As a result of the multiple cross sectional vortices, any media 820
introduces within the vortices 802, 804 is concentrated in a
central region 822. Using a snow making device as an example fan
assembly, concentration of media, such as super cooled water, in a
central region 822 can be advantageous if a pile of snow is desired
in one particular location. Additionally, by concentrating media
within the central region 822, the air flow from the fan assembly
may carry the media a larger distance from the fan assembly than if
the media were allowed to randomly disperse as it exited the fan
assembly.
[0043] To further illustrate the diagram 800 of FIG. 8A, FIG. 8B
shows a block diagram of a fan 850 having a central axis 852. An
air inlet side 854 of the fan 850 is shown, along with an air
discharge region 856. A cross sectional plane 860 is shown to
illustrate the example plane indicated by diagram 800 in FIG. 8A.

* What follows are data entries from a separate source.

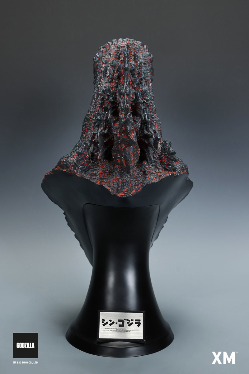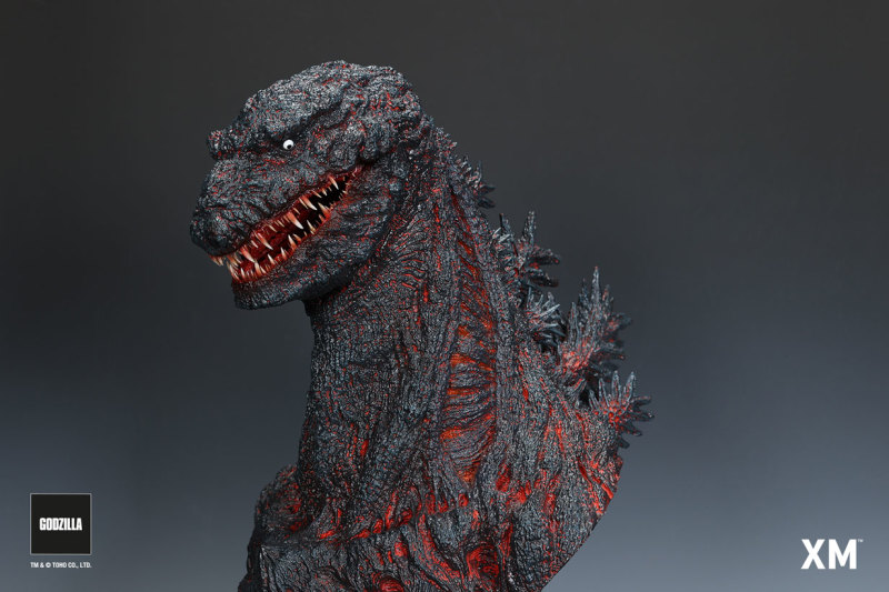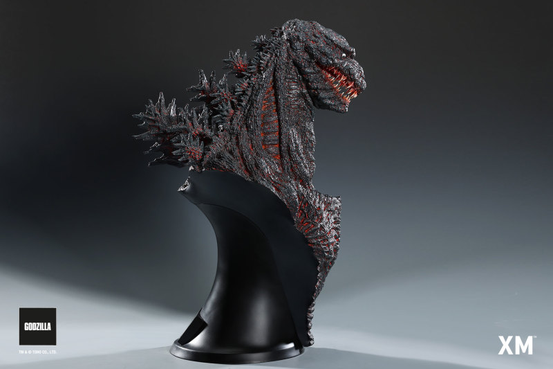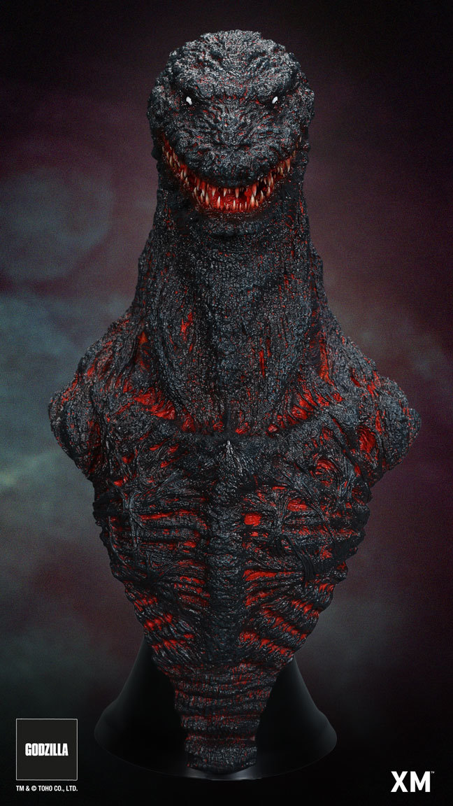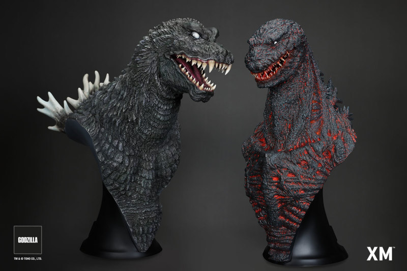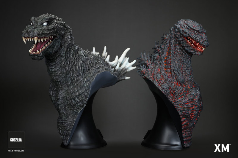 「XM Studios 正宗哥吉拉胸像」,延續胸像系列,由 XM Studios 概念化和詮釋、日本造形作家田中健一擔任建模設計,將恐怖頭部造型、小而銳利的眼珠以及全身如苦瓜般的詭異皮膚紋路、血盆大口等特徵徹底雕塑再現!表皮施以瀝青般光澤的黑色,內部透出不祥的血紅色,營造不斷釋放出放射性物質的狀態。
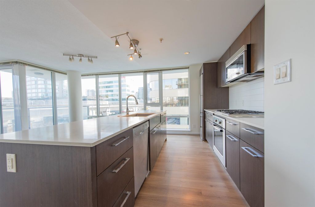 Quintet, in the heart of Richmond. This bright southeast facing unit over 950 sqft, features high-end Bosch appliances, gas range and quartz countertop. Huge open living and dinning area. New flooring and painting. Prime location steps to London Drugs, Richmond Shopping Centre, Lansdowne Mall, banks and Skytrain. Amazing amenities including indoor swimming pool, hot tub, sauna, fitness room, meeting rooms, and rooftop garden.
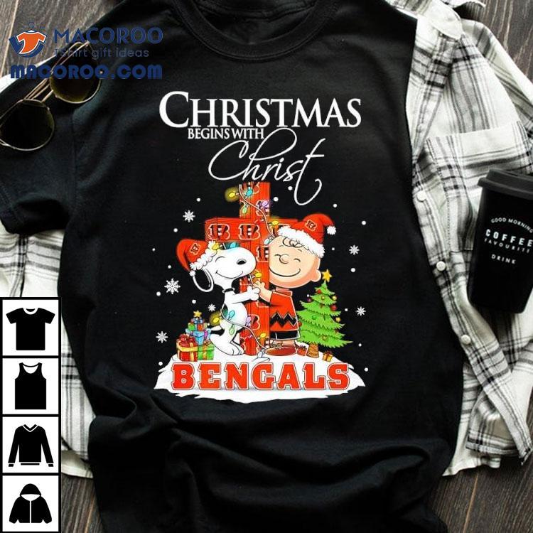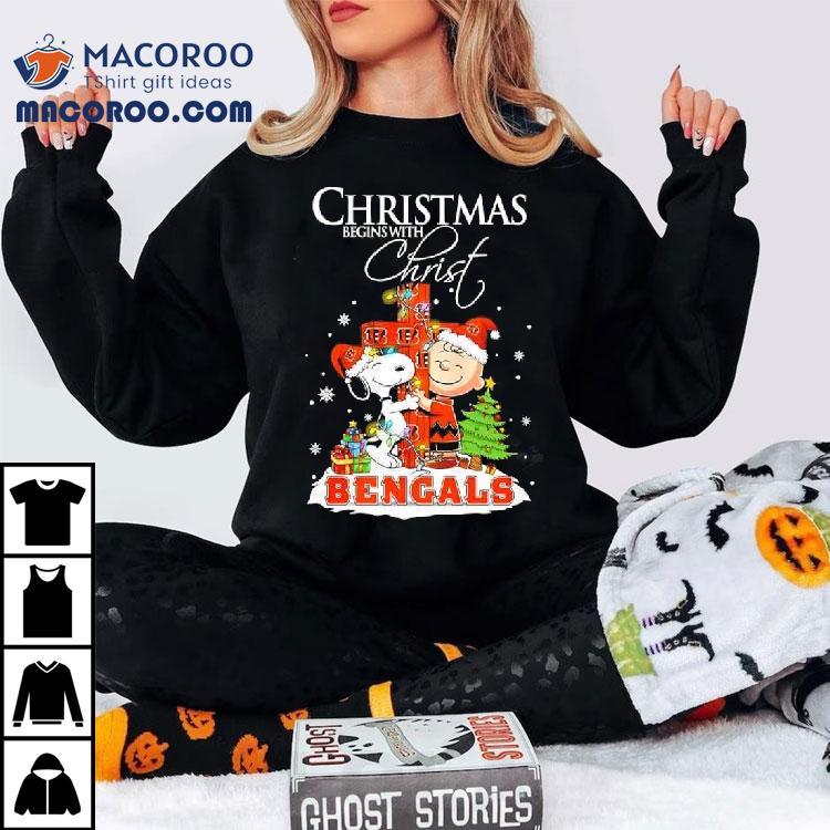Christmas Begins With Christ Cincinnati Bengals X Snoopy And Charlie Brown Shirt
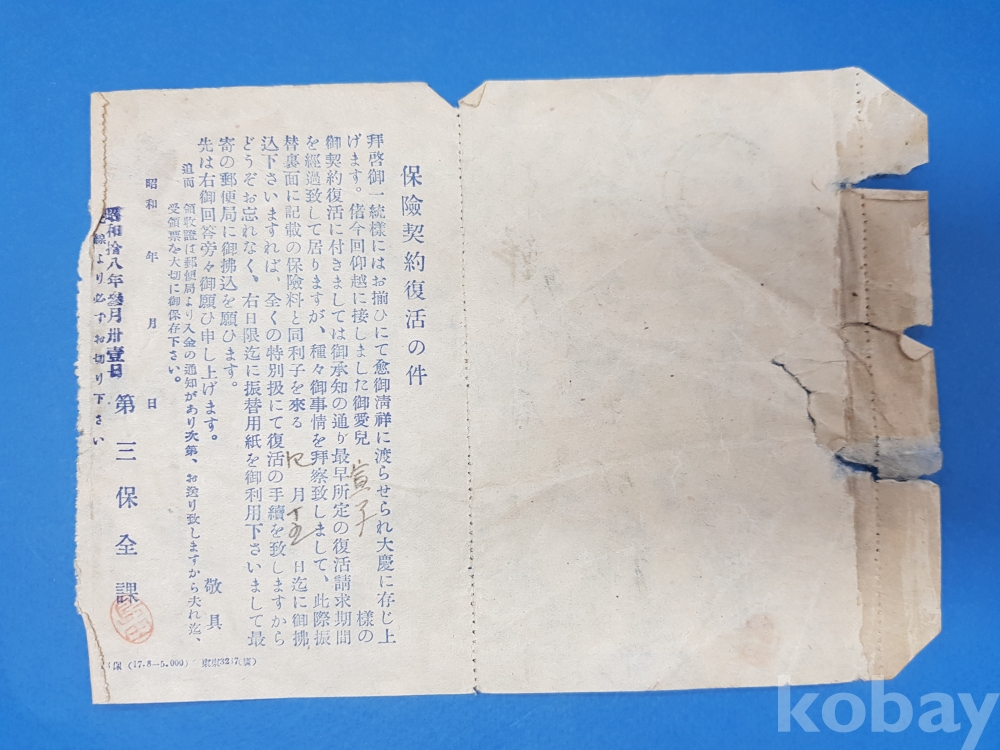 **** 1943년 부국징병보험상호회사 안내문 [보험계약부활의 건]
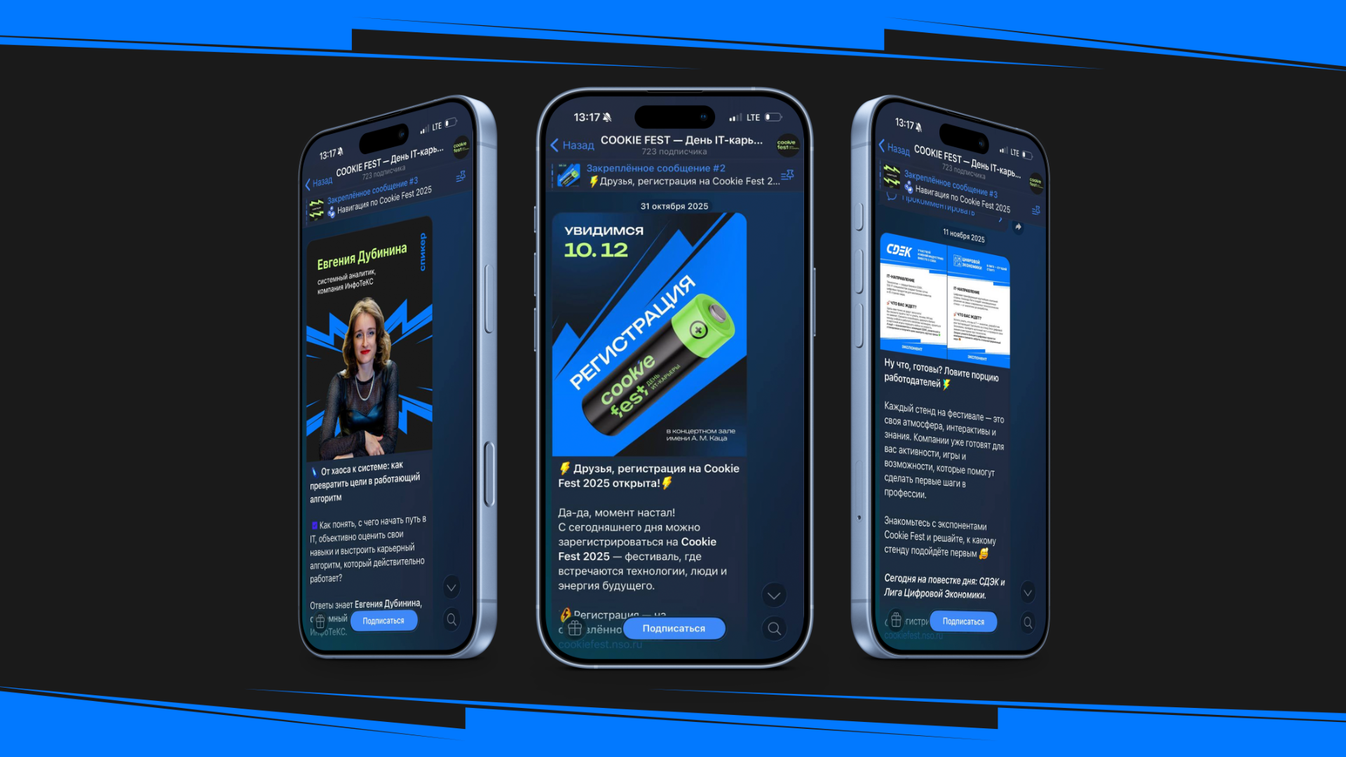 Мы сформулировали метафору: Cookie Fest — стартовый заряд для карьеры. Айдентика должна не рассказывать про IT, а передавать ощущение начала движения.
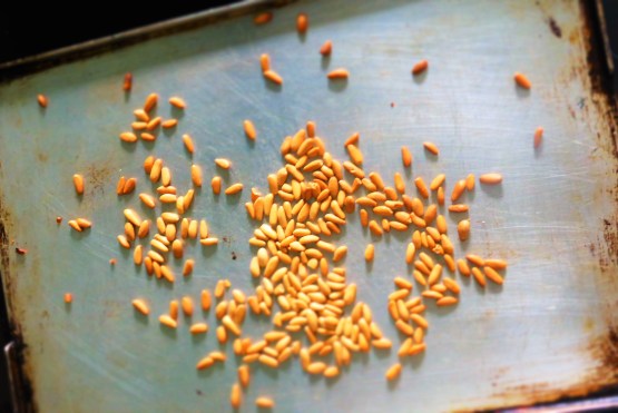 Add your peelings and herbs to the pan, stir a little so they don’t stick. Don’t overload the pan. Fry into batches if needed.

The first vortex 802 and the second vortex 804 are shown exiting
the discharge region 856, and traveling away from the fan 850.
[0044] Although asymmetric vanes are discussed as a technique used
to generate multiple cross sectional vortices, the invention is not
so limited. In another example of a vortex generation modifier, a
number of deflectors may be located within the fan assembly or at
the discharge region 856 of the fan. In another example, the
nozzles may be angled to swirl the air flow as the media is
introduced, creating multiple cross sectional vortices. In another
example, multiple fans may be used, such as counter rotating fans
located side by side to create multiple cross sectional
vortices.
[0045] FIG. 9 shows a flow diagram of an example method according
to an embodiment of the invention. In operation 902, air is moved
through a fluid passage region of a fan assembly, the fluid passage
region defined between an outer housing and an inner housing. In
operation 904, media is introduced to the moving air. In operation
906, a direction of the air within the fluid passage region is
altered using a number of asymmetric vanes located within the fluid
passage region. Lastly, in operation 908, multiple cross sectional
vortices are generated at a downstream end of the fluid passage
such that the media is preferentially concentrated in a middle
portion of an exit stream.
[0046] To better illustrate the method and apparatuses disclosed
herein, a non-limiting list of embodiments is provided here:
[0047] Example 1 includes a fan assembly, including a fluid passage
region defined between an outer housing and an inner housing, a fan
motor located within the inner housing, an impeller coupled to the
fan motor to drive a fluid through the fluid passage region, a
number of hollow vanes located within the fluid passage region to
direct a fluid flow through the fluid passage region, and one or
more nozzles located substantially within at least one of the
hollow vanes having an outlet positioned to dispense a media within
the fluid passage region.
[0048] Example 2 includes the fan assembly of example 1 wherein the
one or more nozzles are positioned to dispense the media from an
open trailing edge of at least one of the hollow vanes.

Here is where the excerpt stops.